16 Dec 2010

Imperial: new centre to translate health research through to application


A new centre that aims to turn health research into evidence-based policy innovations has been launched at Imperial College. The Centre for Health Policy, part of Imperial’s Institute of Global Health Innovation (IGHI), brings together academics, clinicians and policymakers, to tackle the strategic challenges involved in improving population health and health services around the world.

The Centre, a joint venture between the Faculty of Medicine and the Business School, will play a central role in fulfilling the IGHI’s remit to influence health policy. In addition to conducting research to inform innovation in health policy, the Centre will train the next generation of international health policymakers, offering fellowships, research degrees and short courses.

The Centre is co-directed by Ara Darzi, Chair of the IGHI, and Peter Smith, Professor of Health Policy in the Imperial College Business School. Professor Darzi served as Parliamentary Under-Secretary of State in the UK Department of Health from 2007 to 2009. He is also Chair of Global Agenda Council for Health in the World Economic Forum.
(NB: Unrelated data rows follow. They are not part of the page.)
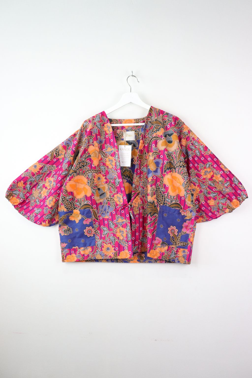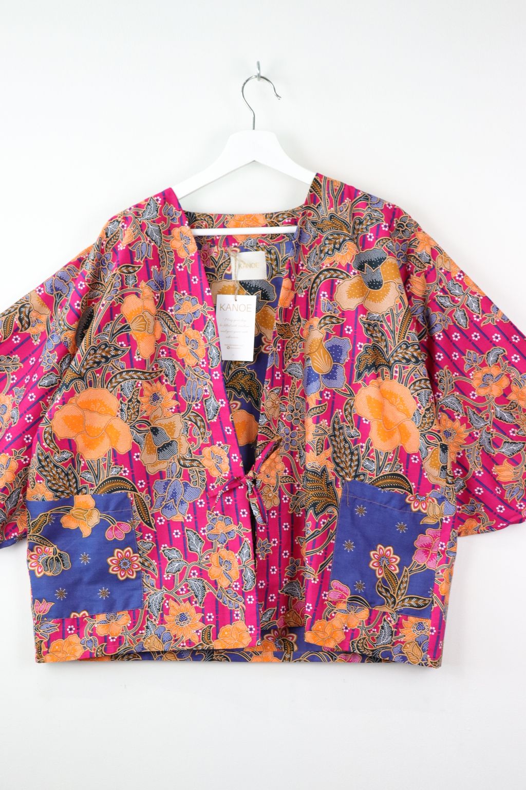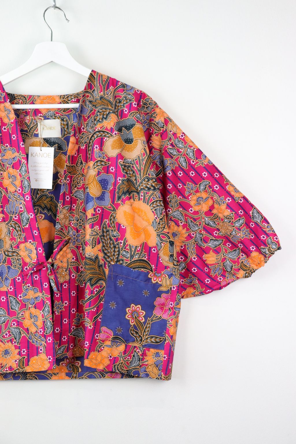 When we are stuck at home wearing a basic spaghetti strap top at home and the door bell rings, throw on this kimono before heading out to collect that parcel hehe. Or if your boss calls you last minute for a zoom call. Throw on this batik kimono :p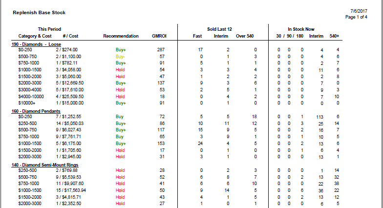 In the example above, in category 190, Loose Diamonds in the cost range of $0-$250, the recommendation is buy more because of 19 sold, 17 were fast sellers. We would recommend that you invest more in that area. In category 140, Diamond Semi-Mount Rings in the cost range of $250-$500, of 5 pieces sold, 0 were fast sellers and 2 were interim sellers. We would recommend you hold with the current inventory for the time being.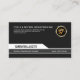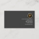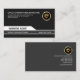 A simple design with the centerpiece at the base of the card being the main object of attention. Your name rest in a white trapezium. Right below is a grey rectangle which houses your job title and further down the line, your contact details. All this in a black elegant background. Directly above you have the business name and address with its faux gold icon logo beside it.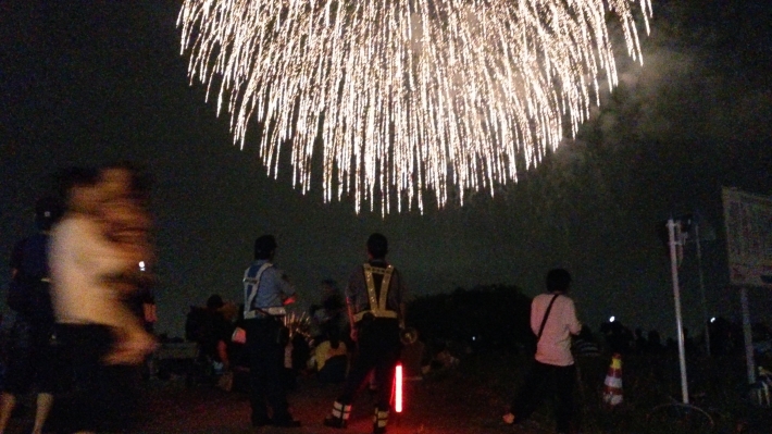 雨が最後まで降らず、今年もござれや花火を見れて良かったです。「アナと雪の女王」 の曲がかかると、周りの子供達が一斉に歌い出し、大合唱。花火にもこちらにも大きな拍手。

“My time as a minister taught me that policy-making and the delivery of healthcare needs to be elevated to a science, with an evidence base comparable to medicine,” Darzi said. “I was also struck by how international experience could be better shared and the need to professionalise health policy-making in part through formal education.”

Smith is currently involved in studies comparing different national health systems for the World Health Organisation, the European Commission and the UK Economic and Social Research Council. Collecting useful data on health system performance and making good use of those data is an important challenge for policymakers, he said. “One of the major difficulties faced by policymakers is the lack of a coherent framework within which to make policies, lack of evidence on the system-wide impact of pulling particular policy levers, and a lack of translatable evidence from other countries.”

Darzi and his colleagues recently developed a smartphone application, “Wellnote by Dr Darzi”, that allows users to rate the quality of healthcare services in England. “New technologies are making it possible to collect extensive data about health system performance, and not just in the west – mobile phone use in developing countries is shooting up as well,” Darzi said.